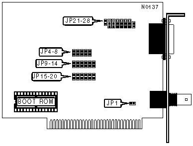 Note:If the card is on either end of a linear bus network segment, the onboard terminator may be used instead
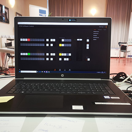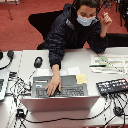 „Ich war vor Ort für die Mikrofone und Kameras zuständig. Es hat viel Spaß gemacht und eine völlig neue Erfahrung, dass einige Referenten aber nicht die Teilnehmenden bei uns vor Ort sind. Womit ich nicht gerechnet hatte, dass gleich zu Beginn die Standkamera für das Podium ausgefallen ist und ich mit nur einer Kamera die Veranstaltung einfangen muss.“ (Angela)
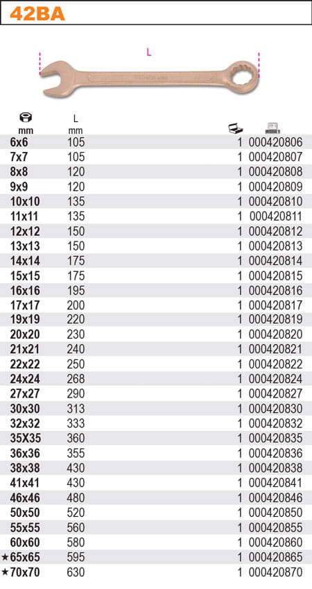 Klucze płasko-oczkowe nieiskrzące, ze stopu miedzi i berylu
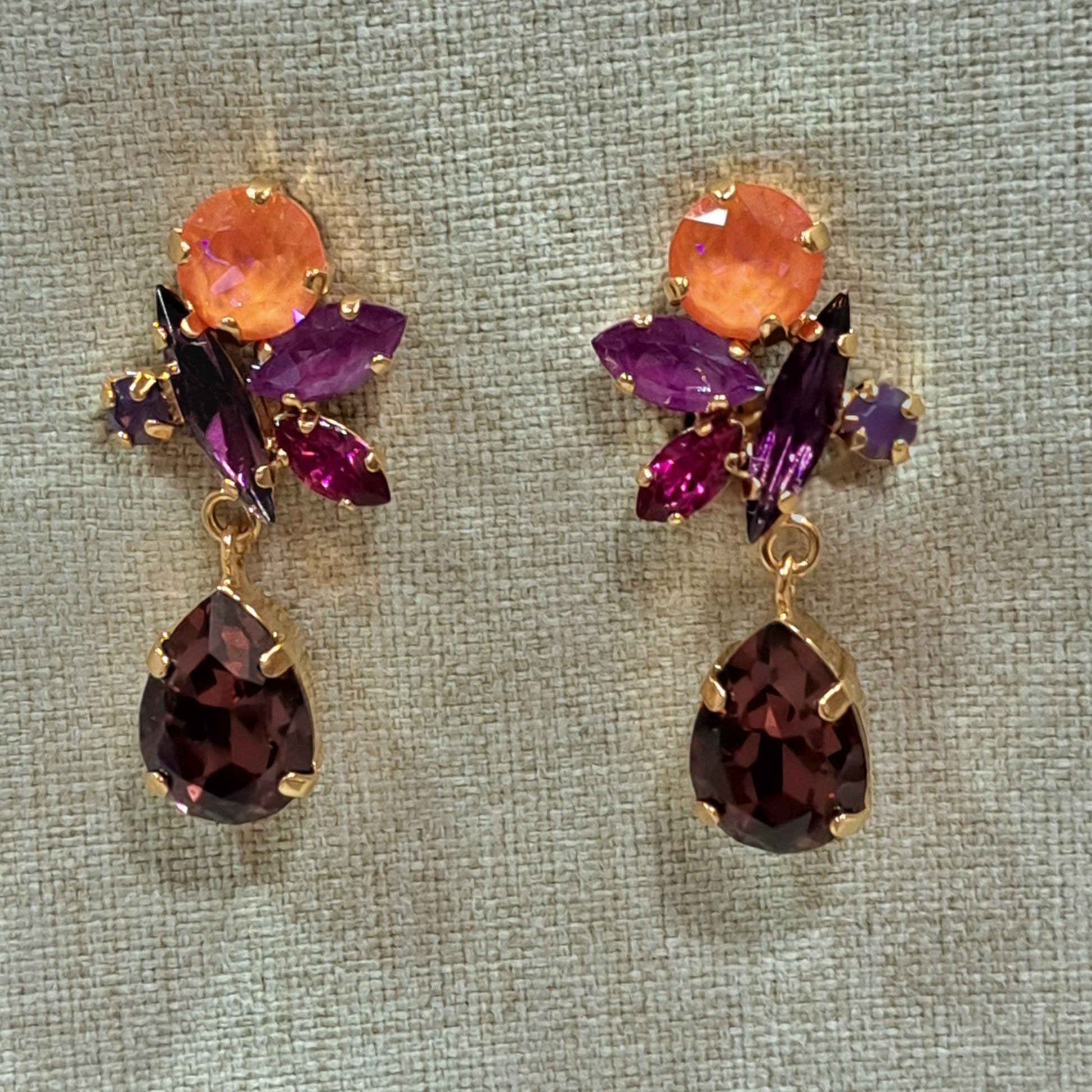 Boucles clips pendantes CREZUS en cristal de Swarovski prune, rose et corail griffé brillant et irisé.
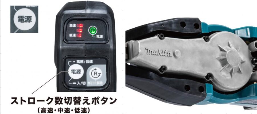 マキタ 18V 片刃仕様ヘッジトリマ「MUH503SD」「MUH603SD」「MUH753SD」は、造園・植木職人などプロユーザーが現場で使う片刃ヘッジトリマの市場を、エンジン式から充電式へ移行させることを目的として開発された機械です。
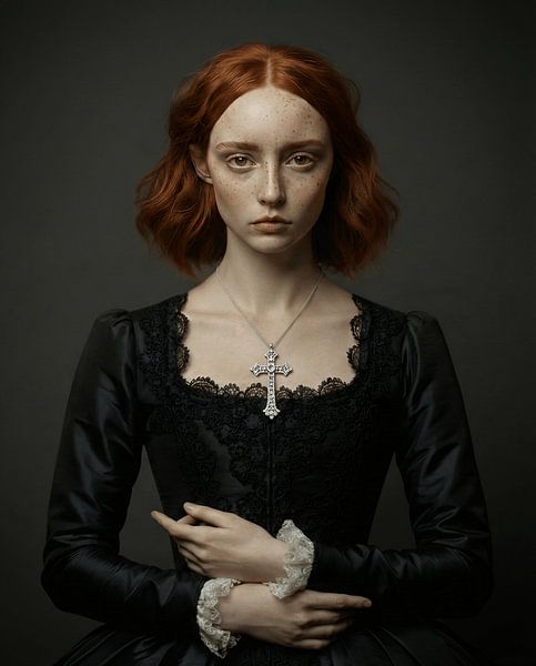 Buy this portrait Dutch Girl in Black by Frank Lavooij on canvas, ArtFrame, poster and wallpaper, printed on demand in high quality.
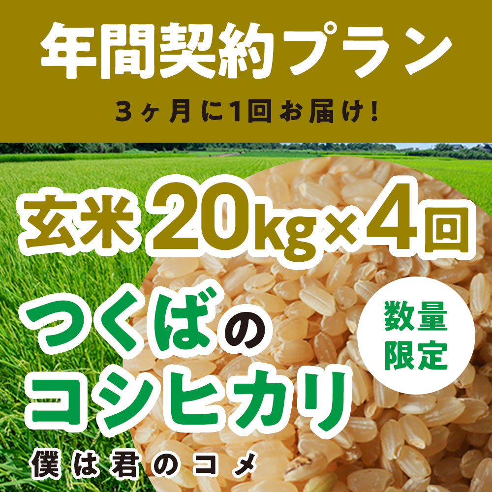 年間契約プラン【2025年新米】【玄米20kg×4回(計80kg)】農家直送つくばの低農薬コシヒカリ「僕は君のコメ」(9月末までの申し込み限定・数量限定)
###
**Work request:**
Copy nothing but the lines above from the one with "war vor Ort" to the one with "Boucles clips pendantes", inclusive, word for word. Leave every picture out.

**Result below:**
 „Ich war vor Ort für die Mikrofone und Kameras zuständig. Es hat viel Spaß gemacht und eine völlig neue Erfahrung, dass einige Referenten aber nicht die Teilnehmenden bei uns vor Ort sind. Womit ich nicht gerechnet hatte, dass gleich zu Beginn die Standkamera für das Podium ausgefallen ist und ich mit nur einer Kamera die Veranstaltung einfangen muss.“ (Angela)
 Klucze płasko-oczkowe nieiskrzące, ze stopu miedzi i berylu
 Boucles clips pendantes CREZUS en cristal de Swarovski prune, rose et corail griffé brillant et irisé.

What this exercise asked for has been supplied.